Despite an increasing body of experimental evidence supporting the involvement of EndMT in cancer progression, this process is largely overlooked in clinical practice. To the best of our knowledge, the routine assessment of EndMT markers is not currently included in pathological tumor characterization. This lack of clinical integration persists even though EndMT has been implicated in critical aspects of tumor biology, such as fibrosis, immune evasion, and therapy resistance. The absence of standardized protocols for detecting and quantifying EndMT-related markers highlights a significant discrepancy between experimental research and clinical application. Bridging this gap is essential for a full understanding of the clinical implications of EndMT and for realizing its potential as a diagnostic, prognostic, and therapeutic target.
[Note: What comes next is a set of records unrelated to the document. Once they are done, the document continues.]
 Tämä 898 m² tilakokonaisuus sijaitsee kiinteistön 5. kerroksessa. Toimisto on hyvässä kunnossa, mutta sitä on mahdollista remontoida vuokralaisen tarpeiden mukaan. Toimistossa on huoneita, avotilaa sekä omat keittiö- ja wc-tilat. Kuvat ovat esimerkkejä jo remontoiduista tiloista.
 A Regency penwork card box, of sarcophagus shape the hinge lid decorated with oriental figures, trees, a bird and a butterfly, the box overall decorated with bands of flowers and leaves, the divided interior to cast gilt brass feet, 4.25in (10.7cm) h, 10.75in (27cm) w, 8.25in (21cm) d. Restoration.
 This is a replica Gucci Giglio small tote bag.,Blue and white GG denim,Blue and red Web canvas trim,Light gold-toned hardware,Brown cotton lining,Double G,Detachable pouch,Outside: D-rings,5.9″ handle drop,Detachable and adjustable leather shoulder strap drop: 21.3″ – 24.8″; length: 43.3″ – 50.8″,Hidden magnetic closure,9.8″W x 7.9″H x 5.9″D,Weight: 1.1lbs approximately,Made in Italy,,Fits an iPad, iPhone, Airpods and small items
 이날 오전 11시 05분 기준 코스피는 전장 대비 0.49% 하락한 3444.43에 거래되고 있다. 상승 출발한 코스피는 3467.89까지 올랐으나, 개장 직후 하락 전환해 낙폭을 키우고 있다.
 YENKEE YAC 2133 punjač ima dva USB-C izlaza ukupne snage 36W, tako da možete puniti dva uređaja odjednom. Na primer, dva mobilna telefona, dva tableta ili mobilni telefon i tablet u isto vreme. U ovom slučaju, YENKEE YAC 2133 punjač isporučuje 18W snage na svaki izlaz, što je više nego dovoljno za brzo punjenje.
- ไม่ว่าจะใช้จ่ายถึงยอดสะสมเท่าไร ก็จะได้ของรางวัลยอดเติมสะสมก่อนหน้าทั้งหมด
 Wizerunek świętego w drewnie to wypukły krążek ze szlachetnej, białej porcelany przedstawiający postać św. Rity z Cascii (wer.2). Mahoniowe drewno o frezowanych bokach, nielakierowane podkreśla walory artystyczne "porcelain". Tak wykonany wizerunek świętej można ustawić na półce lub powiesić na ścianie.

Although the molecular understanding of EndMT has significantly advanced, thanks in part to the development of innovative experimental models, its clinical relevance and potential as a therapeutic target remain limited and require further investigation. Unfortunately, to the best of our knowledge, despite the importance of the process in cancer, there are few clinical trials about EndMT and no therapeutic program for its specific inhibition.

In conclusion, EndMT can be recognized as a pivotal process in tumor progression that can complicate the pathological and treatment picture. For these reasons, any effort to better understand and inhibit EndMT will be critical to improve cancer treatment outcomes.